You could search for non-word charaters if your version of vi supports is: /\W

/\W searches all "W" in the file. Not able to find special character or non-word characters.

Are you looking to remove these "special" characters or just find them? What codeset are you using? These "special" characters may actually be part of the codeset and be required.

Right now I just want to find them. I could able to find only one Character with right Arrow. But like to see if I have any other spl char. Since the each line has more than 2000 chars, hard to find them by naked eye.

Simplest tool is probably the cat utility if your version of cat has extensions such as -v -e -t.

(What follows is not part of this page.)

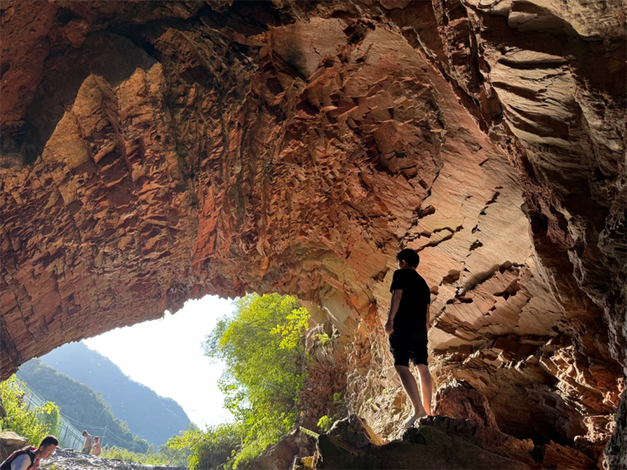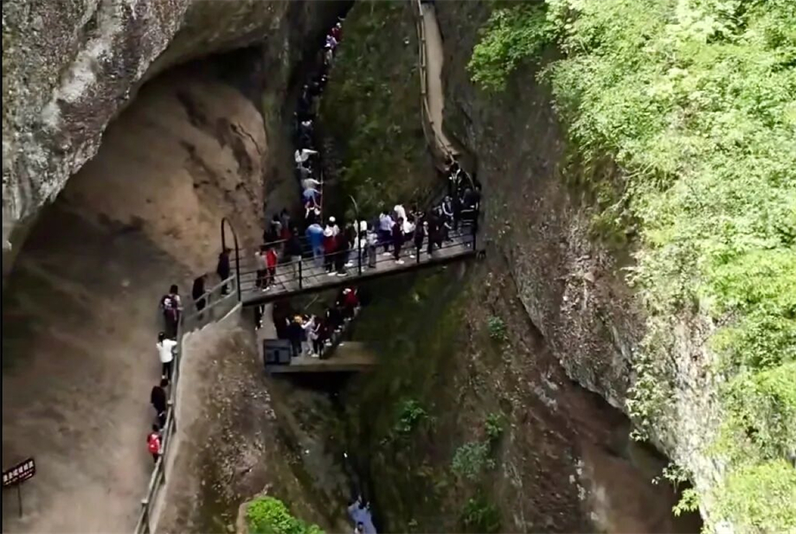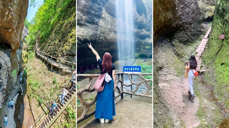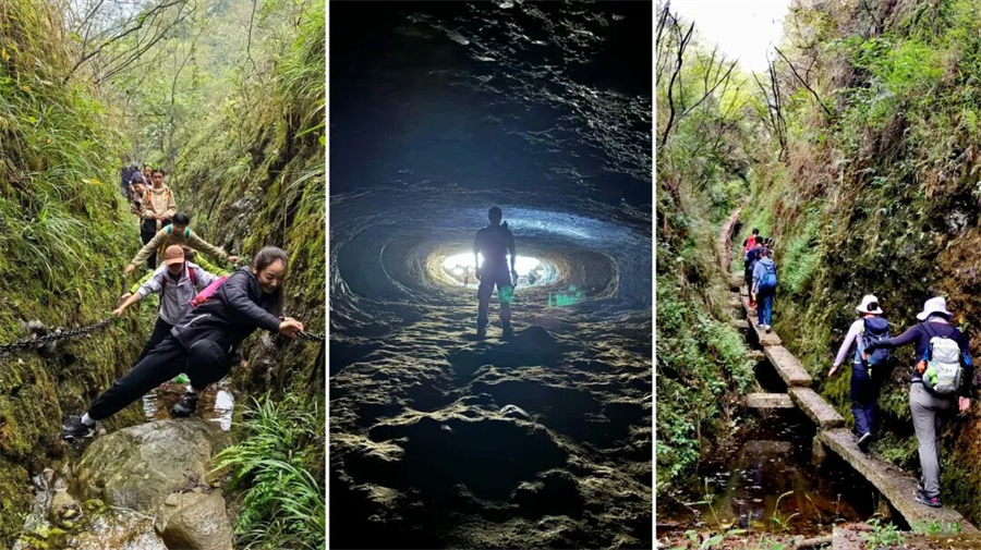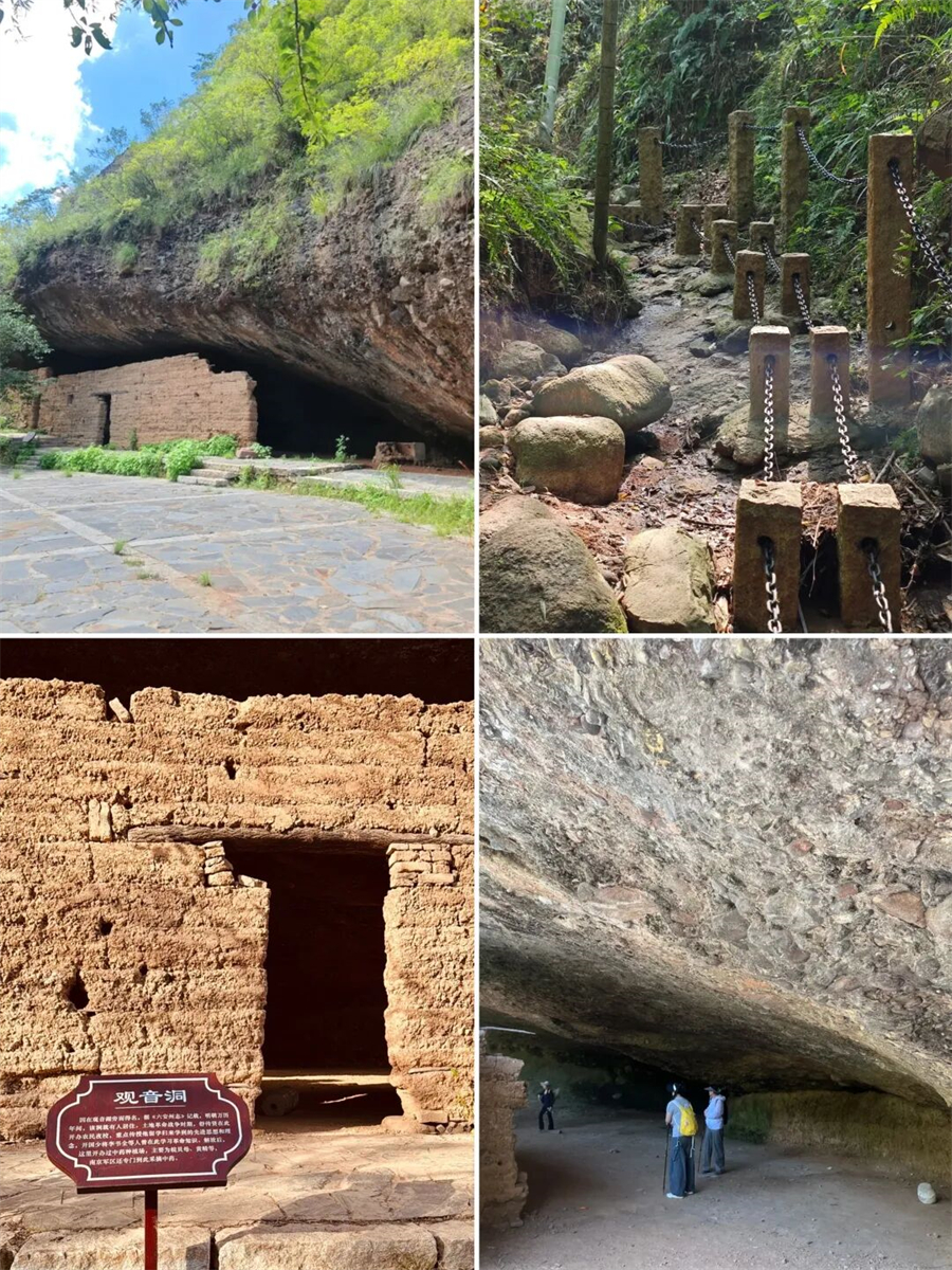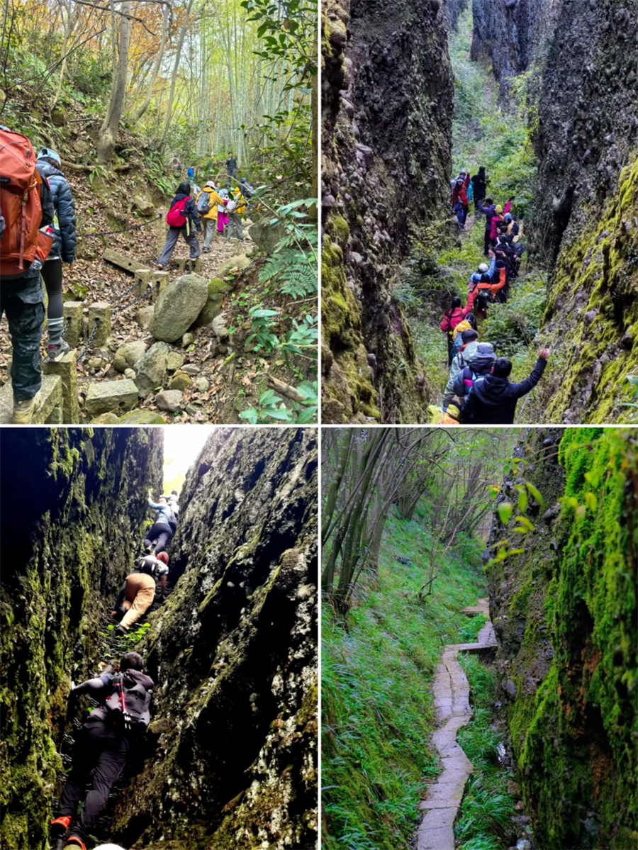 早餐后咱们集合前往【九峰十三洞】。【九峰十三洞】集峡谷地貌和洞穴景观于一体,韭菜沟、板墁沟、一线天以及观音洞、传贤洞、长岩洞、水洞等二十几处自然奇观在方圆十几公里范围内星罗棋布,交错纵横。其峡谷和洞穴是由地壳运动和水流数千年来长期的侵蚀所形成。韭菜沟应该是【九峰十三洞】中最险的一段了,大别山山脉在这里被从中横劈成两半,形成了一条狭长的"V"字形大裂谷,崖壁陡峭如刀砍斧削,最窄处仅容一人通过,需借助铁链攀爬陡坡,极具惊险刺激,景色原始且充满野趣。如果不想挑战韭菜沟,可以走旁边的板墁沟,很好走,沟内植被繁茂,两壁长满了青苔,风景迷人,炭窑遗址、旱洞和水洞,仿佛在狭缝中行走。

After googling, I found out the following

Vi

/[^0-9a-zA-Z,_&-\/<>?=\"\':\\\. *]

Unix Shell

grep -n "[^0-9a-zA-Z,_&-\/<>?=\"\':\\\. *]" filename

Thanks for the contribution :cool:

Assuming that you're using a common US keyboard, the above expression will find several characters that are on the keyboard including, but not limited to {, }, |, [, and ] and you have a few unneeded backslashes. The following is a more complete vi search command:

/[^][[:space:]0-9a-zA-Z~!@#$%^&*()_+`={}|\\;':"<>?,./-]

Using the above search command on the output from the OS X command man 7 ascii only matches backspace characters. If you would also like to skip backspace and other control characters, you could use:

/[^][[:space:][:cntrl:]0-9a-zA-Z~!@#$%^&*()_+`={}|\\;':"<>?,./-]

The order of most of these characters doesn't matter, but the first three characters in this expression have to be [^] to start a non-matching expression that excludes ] and the - needs to be the last character before the closing ] to exclude the minus sign. (Your expression seems to have excluded - as an accident because in ASCII the range expression &-\/ (or equivalently &-/ ) in a non-matching expression excludes & , ' , ( , ) , * , + , , , - , . , and / and you also exclude several of these characters individually.) Of course, the [:space:] and [:cntrl:] have to remain as these sequences in order, but they can appear anywhere within the bracket expression.

3 Likes

@Don Cragun..
Slightly modified your code.
Added escape character for "`" and worked.

 grep -n "[^][[:space:]0-9a-zA-Z~!@#$%^&*()_+\`1={}|\\;':\"<>?,./-]"  filename

You search for negative range, like not tab plus not space through tilde: [^^I -~]
^I is tab 0x09 and ~ is 0x7E, so type that as [ ^ tab space - ~ ]

You can add any other specials that are OK in your context, like form feed ^L, carriage return ^M and backspace ^H. If they do not show on your screen, look at the line with ex command l: :.l

Yes. The search pattern I gave was just the one that works for vi. When you are passing the expression as an argument through a shell to grep (or some other utility) you have another level of quoting to worry about. With some shells you have to escape the backquote to avoid it being treated as the start of a command substitution inside a double quoted string. In other shells, that backslash wouldn't matter. With some shells, you might also have to escape the dollar sign. Note also that the "1" I marked in red above was a typo on my part. It won't hurt anything, but it isn't needed. I have also corrected it in my earlier message.

1 Like